■ **PROBLEM DESCRIPTION**:
Could every line of the listing be output exactly, with the pictures skipped?

■ **PROVIDED DATA**:
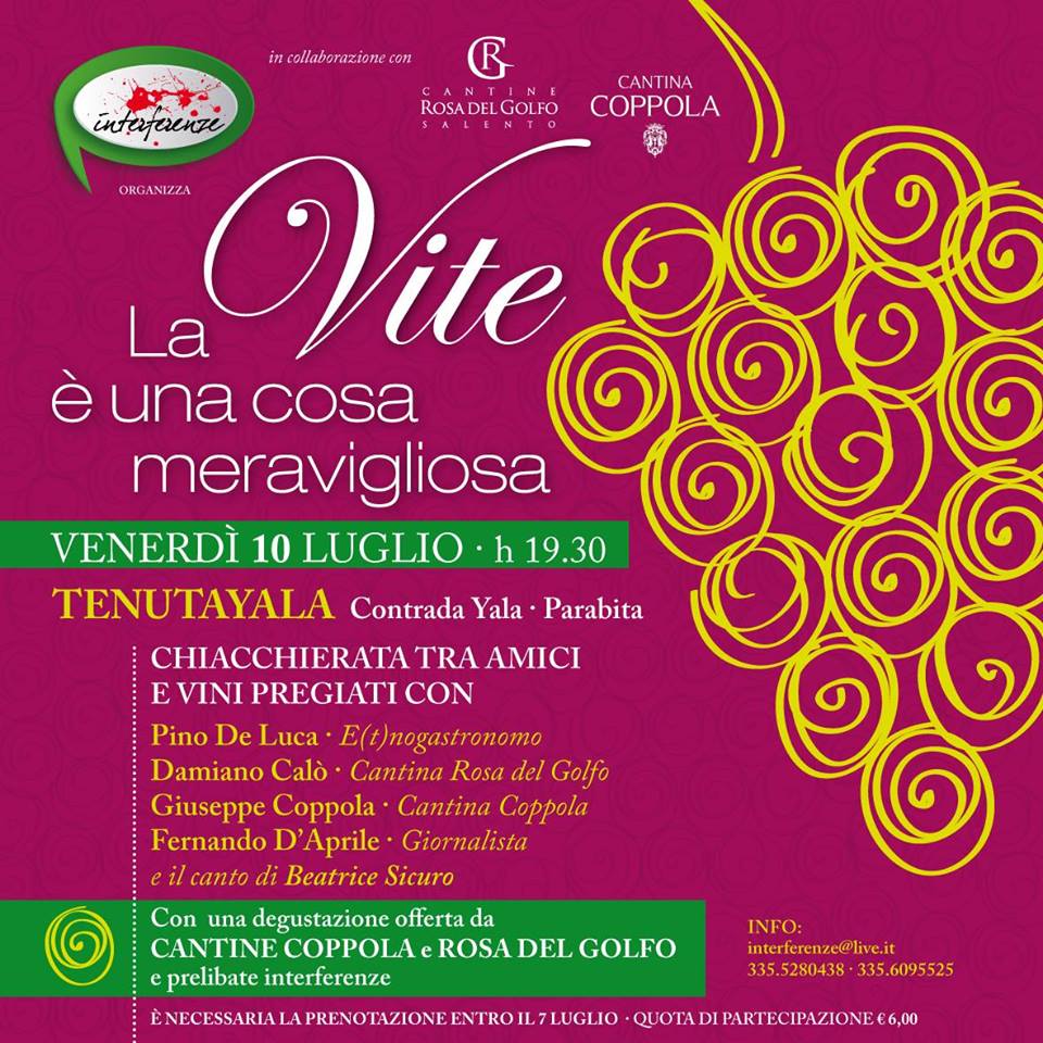 Si apre il 10 luglio con una chiacchierata tra amici e vini pregiati nella suggestiva cornice di Tenuta Yala, insieme a Pino De Luca, e(t)nogastronomo; Damiano Calò, Cantine Rosa del Golfo; Giuseppe Coppola, Cantina Coppola e il canto di Beatrice Sicuro. Coordina Fernando D’Aprile, giornalista.
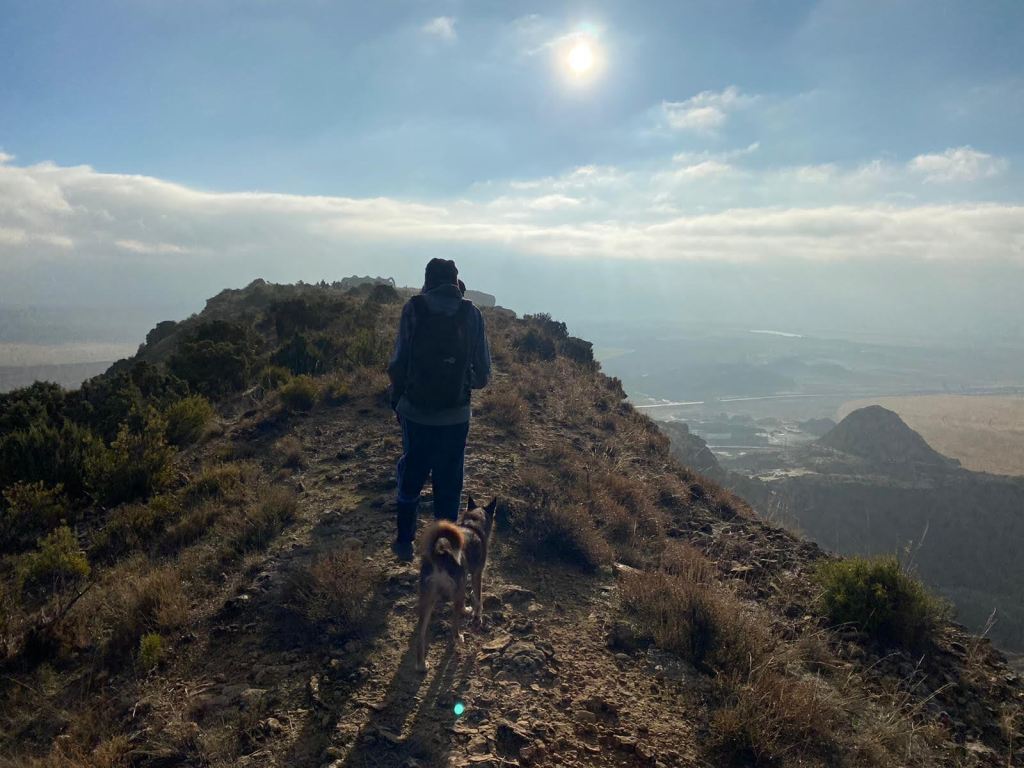 Hala y unas cuantas fotos y selfies después, con la faena hecha, cara abajo. Pensabais que se acaba aquí, no, quedaba una sorpresa, abajo, al lado de las balsas de riego se montó un pica-pica para celebrar las 100 salidas de este grupo de senderismo, un ágape que vino muy bien para reponer fuerzas y echar unas risas que daban muestra del buen ambiente que se respira siempre en este grupo. Aunque eso sí, hubo una moción que se secundó por unanimidad, la próxima vez un poquer más de cava, que alguno se quedó con sed J.
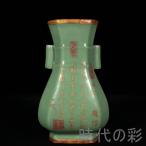 【時代の彩】中国古美術 宋代 龍泉窯 梅子青釉 包口 銘文 貫耳瓶 花瓶 文房置物 茶道具 青磁 工芸品 古陶磁器 珍品旧蔵 古賞物 骨董品 古玩 時代物 R07101131
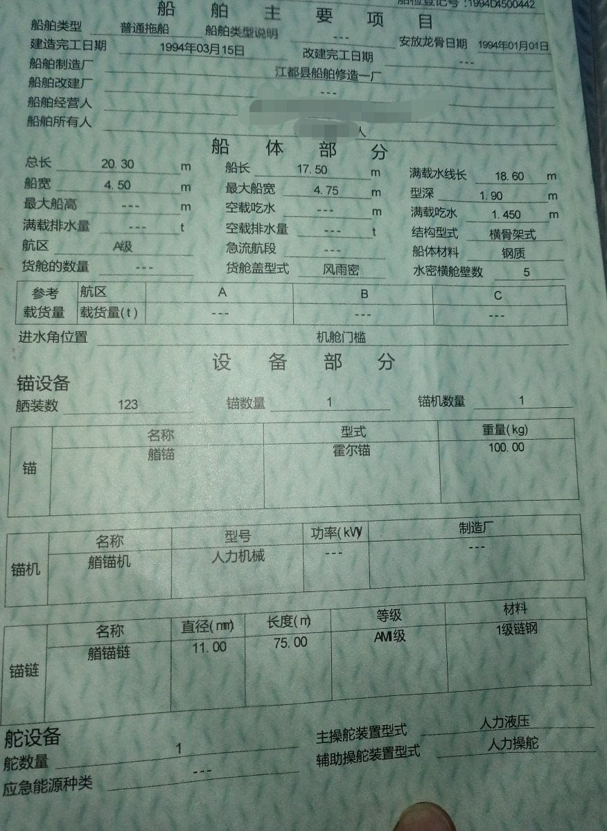 吉船长宽深:20.3米+4.5米+1.9米; 主机型号:潍柴204;
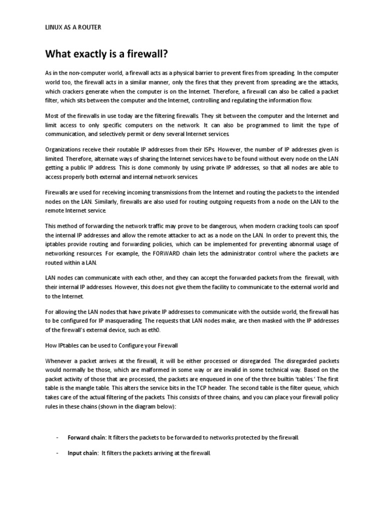 networking resources. For example, the FORWARD chain lets the administrator control where the packets are
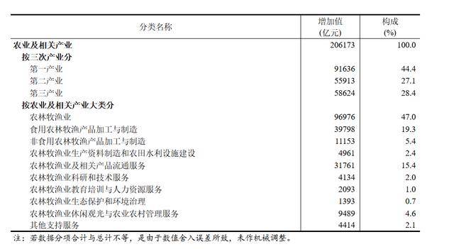 从农业及相关产业大类看,农林牧渔业、食用农林牧渔产品加工与制造、农林牧渔业及相关产品流通服务增加值规模居前三,占农业及相关产业增加值的比重分别为47.0%、19.3%、15.4%。
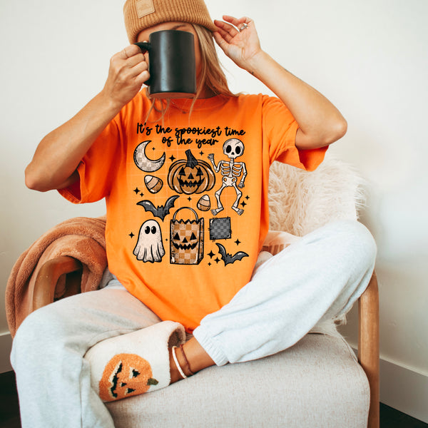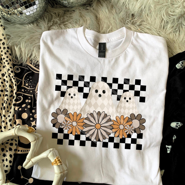 3 Ghosts with flowers and orange wavy checker Ghost 110706 DTF transfer
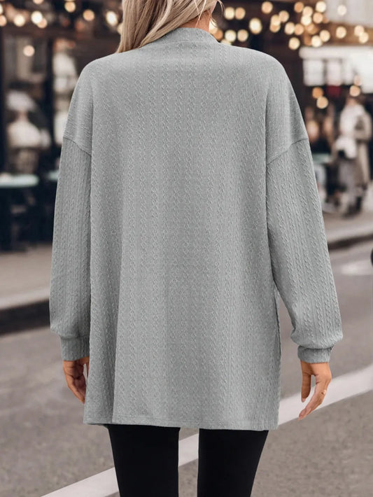 Textured Button Down V-Neck Long Sleeve Cardigan
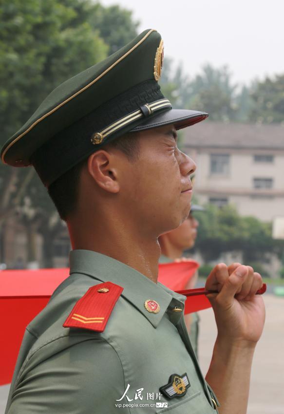 On June 7, more than 20 soldiers take part in training at Nanjing detachment of People's Armed Police Corps. The soldiers, with an average height of 183 cm and weight between 73 and 75 kg, were selected from about 3,000 soldiers to perform the flag-raising task at the opening and closing ceremonies of the Youth Olympic Games (YOG). (People .com. cn/Photo) |

■ **SOLUTION**:
 Si apre il 10 luglio con una chiacchierata tra amici e vini pregiati nella suggestiva cornice di Tenuta Yala, insieme a Pino De Luca, e(t)nogastronomo; Damiano Calò, Cantine Rosa del Golfo; Giuseppe Coppola, Cantina Coppola e il canto di Beatrice Sicuro. Coordina Fernando D’Aprile, giornalista.
 Hala y unas cuantas fotos y selfies después, con la faena hecha, cara abajo. Pensabais que se acaba aquí, no, quedaba una sorpresa, abajo, al lado de las balsas de riego se montó un pica-pica para celebrar las 100 salidas de este grupo de senderismo, un ágape que vino muy bien para reponer fuerzas y echar unas risas que daban muestra del buen ambiente que se respira siempre en este grupo. Aunque eso sí, hubo una moción que se secundó por unanimidad, la próxima vez un poquer más de cava, que alguno se quedó con sed J.
 【時代の彩】中国古美術 宋代 龍泉窯 梅子青釉 包口 銘文 貫耳瓶 花瓶 文房置物 茶道具 青磁 工芸品 古陶磁器 珍品旧蔵 古賞物 骨董品 古玩 時代物 R07101131
 吉船长宽深:20.3米+4.5米+1.9米; 主机型号:潍柴204;
 networking resources. For example, the FORWARD chain lets the administrator control where the packets are
 从农业及相关产业大类看,农林牧渔业、食用农林牧渔产品加工与制造、农林牧渔业及相关产品流通服务增加值规模居前三,占农业及相关产业增加值的比重分别为47.0%、19.3%、15.4%。
 3 Ghosts with flowers and orange wavy checker Ghost 110706 DTF transfer
 Textured Button Down V-Neck Long Sleeve Cardigan
 On June 7, more than 20 soldiers take part in training at Nanjing detachment of People's Armed Police Corps. The soldiers, with an average height of 183 cm and weight between 73 and 75 kg, were selected from about 3,000 soldiers to perform the flag-raising task at the opening and closing ceremonies of the Youth Olympic Games (YOG). (People .com. cn/Photo) |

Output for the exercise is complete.